-- THE RECORDS --
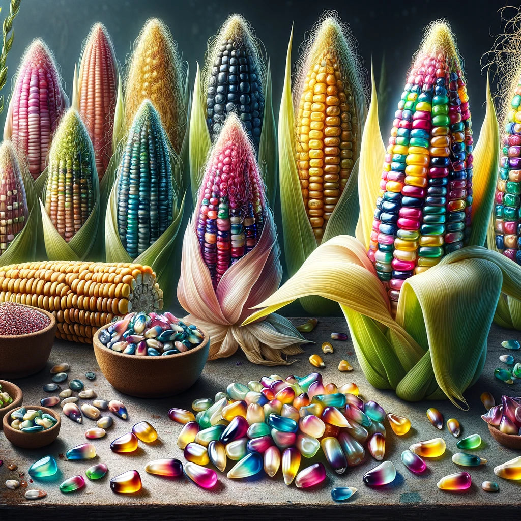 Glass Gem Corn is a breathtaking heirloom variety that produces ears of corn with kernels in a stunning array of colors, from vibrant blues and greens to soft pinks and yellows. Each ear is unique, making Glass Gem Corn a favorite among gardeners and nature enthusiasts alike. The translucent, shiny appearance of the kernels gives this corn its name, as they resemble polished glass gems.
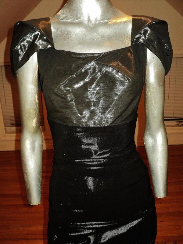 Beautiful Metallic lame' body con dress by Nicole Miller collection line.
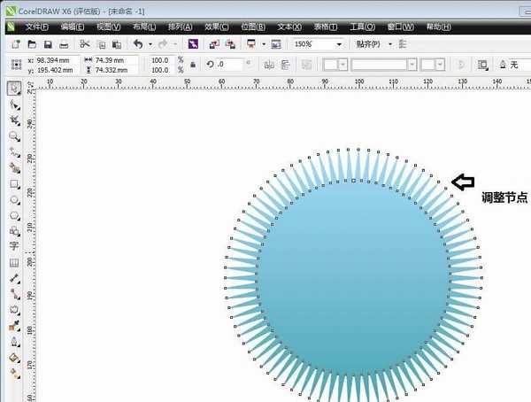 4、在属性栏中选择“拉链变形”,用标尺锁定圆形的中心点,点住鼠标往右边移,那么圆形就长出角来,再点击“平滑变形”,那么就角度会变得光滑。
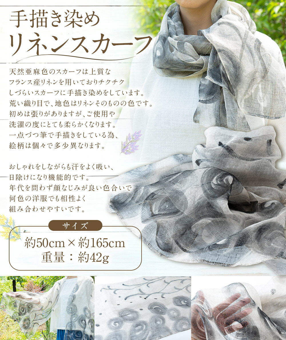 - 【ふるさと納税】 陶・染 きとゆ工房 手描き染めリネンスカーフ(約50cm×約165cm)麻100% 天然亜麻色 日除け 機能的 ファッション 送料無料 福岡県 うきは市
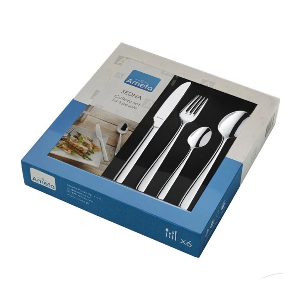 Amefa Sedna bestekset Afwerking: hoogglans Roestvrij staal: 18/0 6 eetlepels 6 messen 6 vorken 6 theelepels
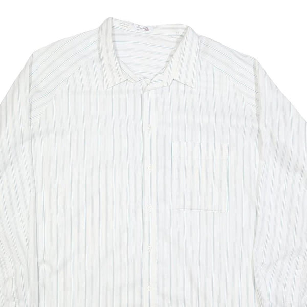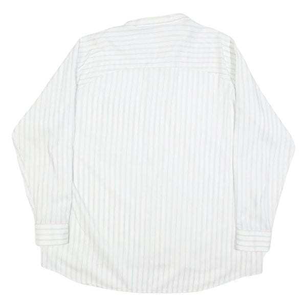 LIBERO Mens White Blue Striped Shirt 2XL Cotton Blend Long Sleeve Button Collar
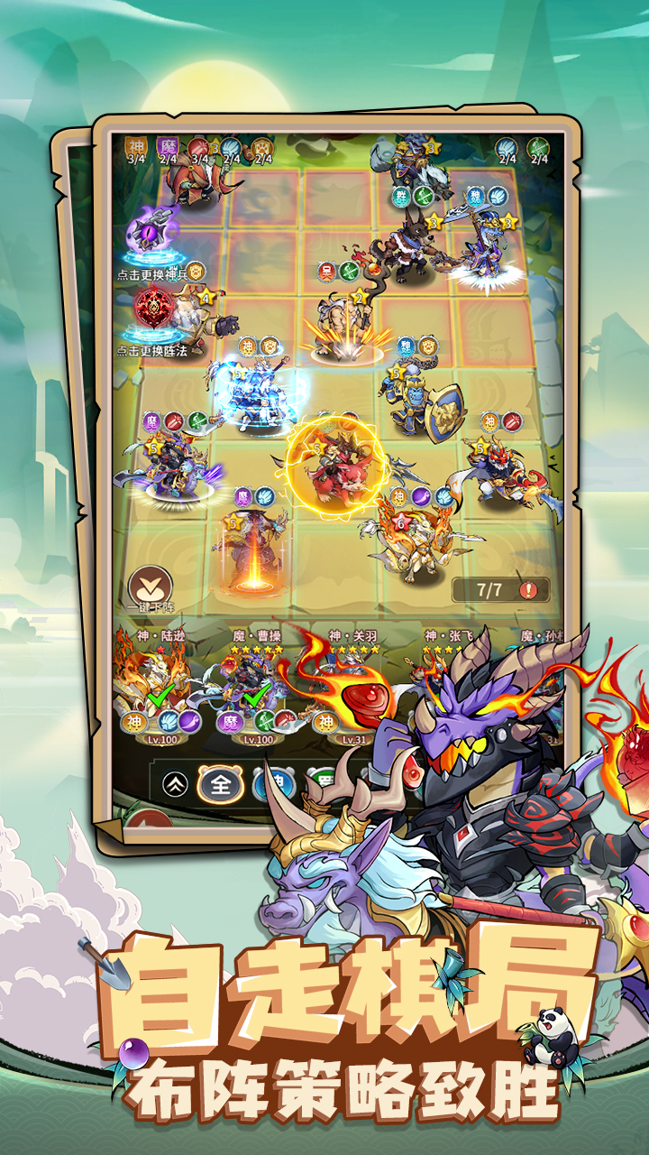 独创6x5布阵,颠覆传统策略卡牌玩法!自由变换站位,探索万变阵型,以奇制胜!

-- WHAT IS BEING ASKED --
Each line from the one that holds "LIBERO Mens White" through the end of the material should be repeated exactly, and nothing more. Leave out any picture.

-- COMPLETED TASK --
 LIBERO Mens White Blue Striped Shirt 2XL Cotton Blend Long Sleeve Button Collar
 独创6x5布阵,颠覆传统策略卡牌玩法!自由变换站位,探索万变阵型,以奇制胜!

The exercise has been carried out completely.